The Fantastic Life of Mercedes Art Cars



As the title sponsor of Berlin’s Fashion Week, Mercedes-Benz placed some of its own designs into striking art installations meant to represent the eras in which the cars were built.
As part of the “Recollection Quartett,” staged by Mercedes-Benz and MoMu Fashion Museum, Antwerp, Belgian artist and photographer Frederik Heyman placed four cars amidst updated stereotypes of the years between 1967 and 1991.
For instance, though the SL roadster shown above was built in Germany, the artist said it came into its own on Sunset Boulevard during the freewheeling 1970s. Though we seem to recall gas lines, Watergate and skyrocketing interest rates, Heyman and fashion designer Bernhard Willhelm pay tribute to those who spent the entire Carter administration on a mattress at Plato’s Retreat.
Interestingly, the 1980s-era W123 wagon best known in the United States for shuttling wealthy suburbanites between tennis lessons and the pool at the club was popular among West German lumberjacks, tradesmen and outdoors enthusiasts.
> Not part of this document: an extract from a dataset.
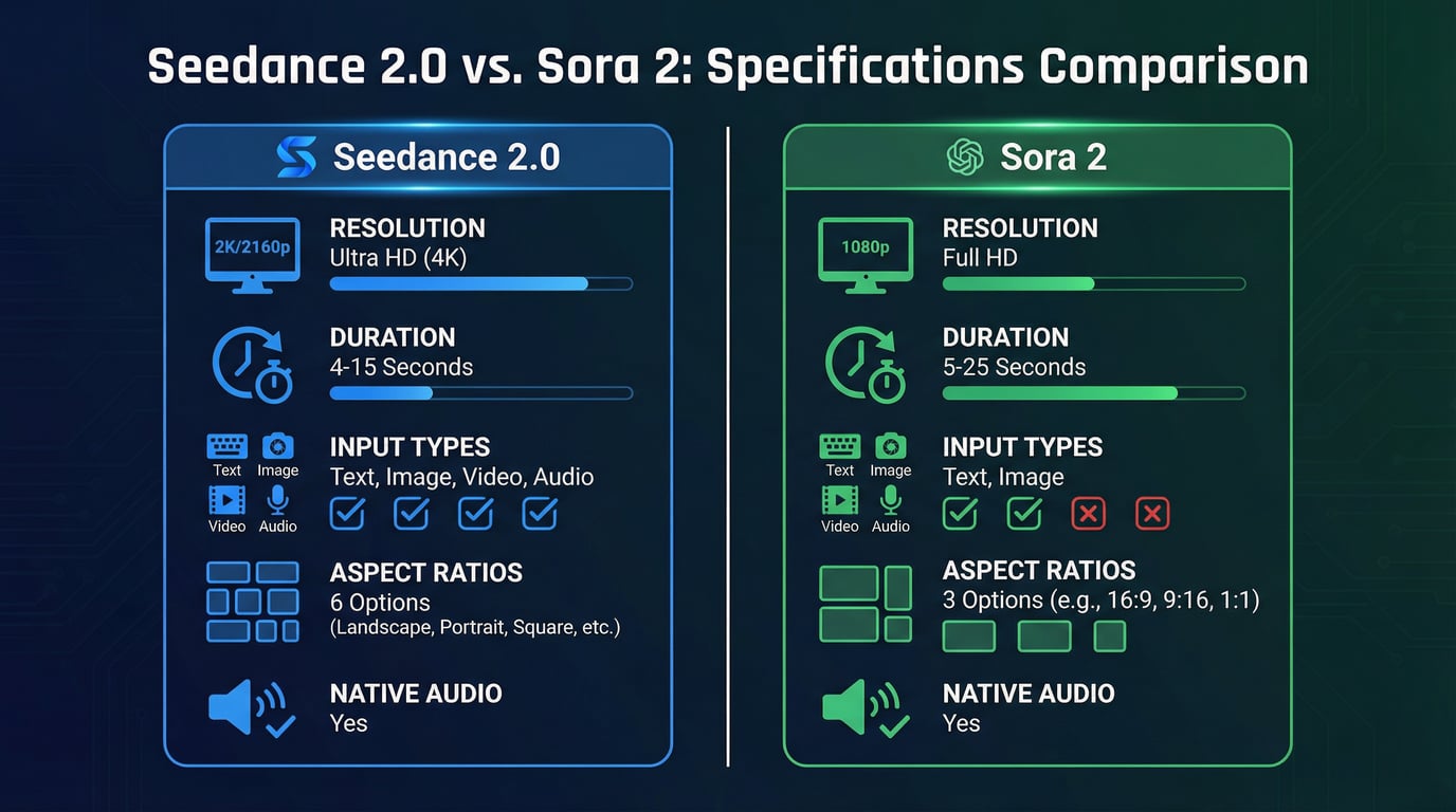 Una comparación exhaustiva entre Seedance 2.0 y Sora 2, analizando especificaciones técnicas, calidad de salida y casos de uso para ayudarte a elegir el generador de video con IA adecuado.

Mannequins in shoulder pads surrounding an S-Class coupe underneath fragments of a globe made from a chess board represent wealth and power in the late ’80s, while the models’ long shadows show they’re also pawns in that game.
About the only installation we can instantly relate to is the one surrounding the rock-solid W115. Faceless businesspeople in gray flannel suits look like they’ve stepped straight out of a Magritte painting, while a secretary in the front seat types out an advertisement in Arabic that reads “Taxi for sale,” a nod to the livery service the venerable “Stroke 8″ models have offered around the world.
While the settings are certainly high-concept, they’re also proof that cars are as much a product of their respective eras as they are representative of those times.
Photos: Mercedes-Benz

The W115 was popular among business types and cab drivers in far-flung locales

Bobby Brown drove a 560 SEC, and so did world power players in the late '80s.